Every testified the GCA employee training manual classifies freshly-waxed floors as a "work zone" that requires "warnings to be used to keep people from . . . slipping on wet floors." According to Every, she "always leaves the signs . . . until the wax is completely dry" and she "always told [the school] when [she] was waxing" and "she did not want to be blamed if anyone fell." This testimony demonstrates Every knew freshly-waxed floors are dangerous. She testified the GCA training manual lists the "specific safety equipment to use in the case of slippery floors," requiring "a minimum of two warnings" should be placed at each work zone. Every testified, however, GCA did not provide the Academy all of the signs and safety equipment listed in the "Types of Signage" section of the GCA manual. Specifically, GCA did not provide her "closed for cleaning" signs, safety barricades, plastic barrier chains, expandable safety fences, red flags, or yellow caution tape. According to Every, "wet floor" signs and orange cones were the only safety equipment GCA provided to the Academy.

Every testified she waxed the floors near Karrie's office on Sunday, August 5, and put up warning signs prior to Karrie's fall. However, the Gurwoods' trial counsel cross-examined Every with a GCA incident report that indicated Every made her own "wet wax" signs that day with printer paper and red magic marker—instead of using the "wet floor" signs and orange cones GCA provided—and taped two of those signs to the inside doors of the school. According to the report, the two sheets of paper were the only signs she put up. Every confirmed her homemade "wet wax" signs were not listed as "Types of Signage" in the GCA manual.
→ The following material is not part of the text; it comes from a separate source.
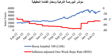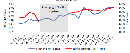كما انخفضت أسهم الأسواق الناشئة نتيجة تراجع معنويات المخاطرة على مستوى العالم، وهبوط الأسهم الصينية. وعلى الرغم من الزلزال الذي ضرب تركيا، حقق مؤشر بورصة إسطنبول 100 مكاسب قوية، حيث فرضت الحكومة بعض الإجراءات الي من شأنها دعم الأصول المحلية.

Every also testified that on Friday, August 3, she "went specifically to Ms. Gurwood and told her that [she] would be waxing the floors . . . that weekend." When Karrie was asked about this, she testified she had never spoken to Every except for "pleasantries," and they had nothing more than "just a hi and bye relationship." She did not recall speaking to Every the Friday before she fell, but she said Every "absolutely didn't" warn her about the waxing. Karrie testified she had "no way of knowing that . . . [the] floor had just been waxed" because she received "no notice or warning." Every actually testified at one point that no one—including Karrie— was in the building that Friday because the floors were already being waxed. Karrie testified the impact from the fall caused pain in her back, hips, knees, legs, and feet—but the worst pain was in the lower side of her left leg. After multiple appointments with different doctors, Karrie was diagnosed with Complex Regional Pain Syndrome (CRPS). According to Karrie, CRPS feels like "the worst burning pain you can possibly imagine underneath your skin, like someone is lighting up a match." Karrie testified her symptoms from CRPS "really affected [her] self- esteem," caused her to feel "depress[ed]" and "suicidal," greatly impacted her social life, and left her unable to work.

II. Directed Verdict, Jury Verdict, and Appeal

At the conclusion of the Gurwoods' presentation of evidence, GCA moved for a directed verdict on punitive damages, arguing there was "no evidence . . . that would support a jury's finding of . . . reckless conduct." Instead, GCA argued, the evidence "establishes at least some level of care on the part of Mrs. Every and would preclude a finding of punitive damages in this case." GCA further argued "conduct that would justify the imposition of punitive damages has to be extreme. And there is just no evidence of that in this case."